Crisis? What crisis?
August 20, 2007
– Comments (6)
If there is a bursting bubble on the housing market, the NAR is unaware of it.
http://www.realtor.org/press_room/news_releases/2007/mhp_20072q_improving_but_down.html
"In the second quarter, 97 out of 149 metropolitan statistical areas 1 show year-over-year increases in median existing single-family home prices, including nine areas with double-digit annual gains; 50 had price declines; and two were unchanged. In the first quarter of 2007, revised data shows 83 areas had annual price increases, while in the fourth quarter of 2006 only 68 areas were up".
In plain English, as a first-time home buyer, you'll be worse off this year than the previous year. And even worse, the price dynamics does not give you any chance to get off the hook. Whenever the area is livable, prices keep going up. Whenever prices retreat, either the area is unlivable, or the discount is a useless 5% off the luxury $1M condo. Oregon is up. Washington is up. New York state is up. Pensilvania is up. New Jersey is up. The whole New England is up. Detroit is down, but it's a city of closing factories, so what's the use of it? Los Angeles luxury housing is down a bit, but it starts from $1.5M anyway. Want to "enjoy" a 1% discount vs. last year? Welcome to the Rust Belt or to the Bible Belt. Ready to accept a rotten compromise - Raleigh, NC or Austin, TX? Sorry, these place are up. You were not the only one thinking along these lines.

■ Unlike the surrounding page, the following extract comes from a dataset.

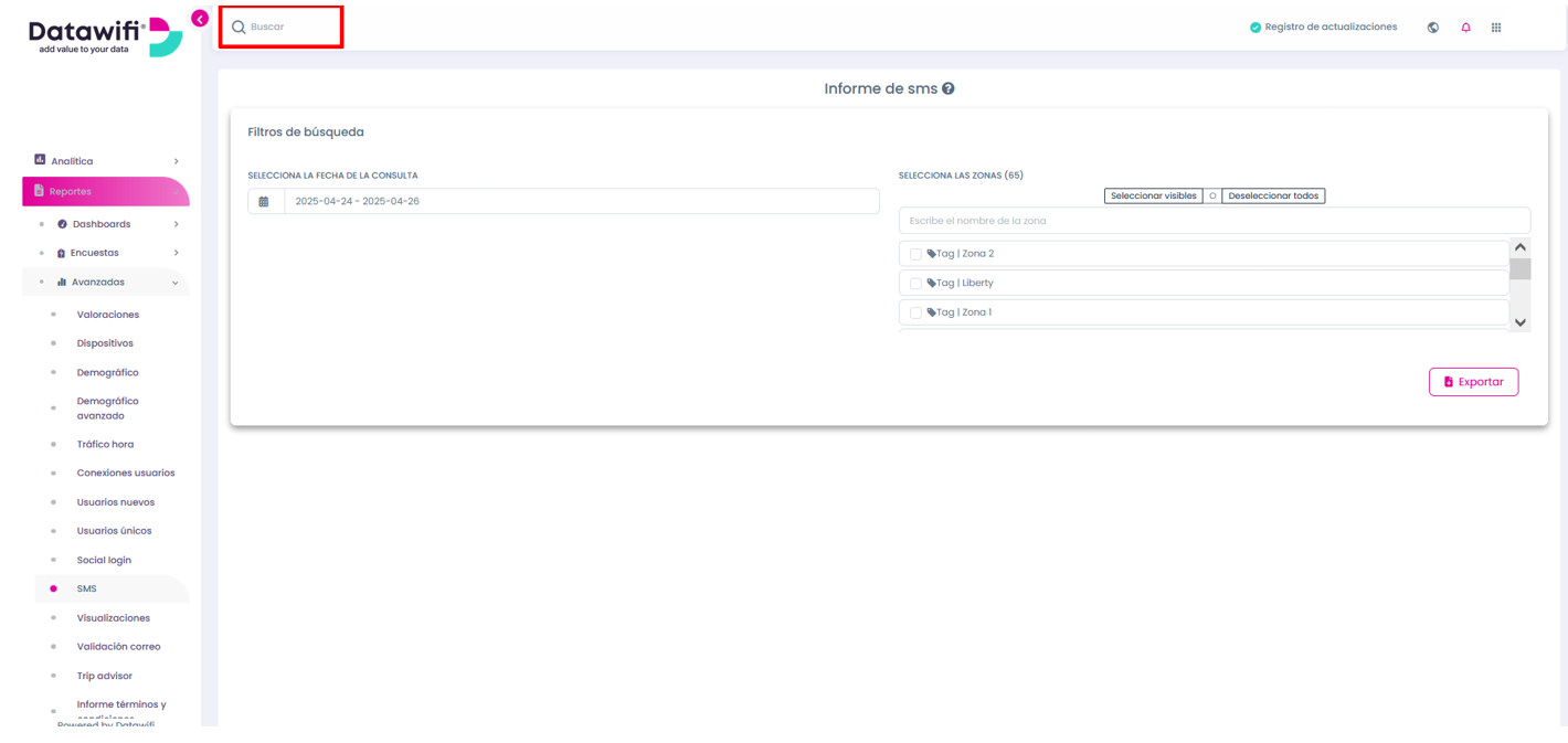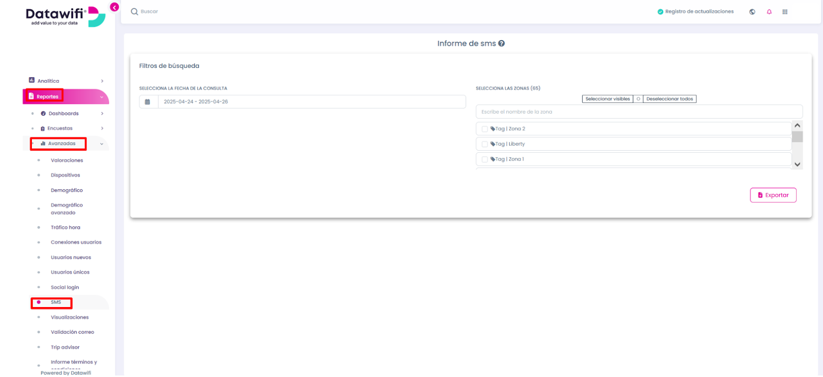 En la parte izquierda de la pantalla selecciona la opción Reportes - avanzada y después dirígete a SMS como se muestra a continuación:

Want to take comfort in price drops outside the metro areas, in provincial backwaters? Yes, there were some. That's what drove the nationwide median price down 1.5% vs. last year. Only, these are not the price drops that you want to see. Cheaper areas did not sell any houses at a discount. They simply sold more houses vs. the expensive areas. Best performing states in terms of volume? Yes, you guessed it: Wyoming, Iowa, North Dakota, Oklahoma, Indiana, Nebraska.
If stock market crashes were like this, we'd be millionnaires by now.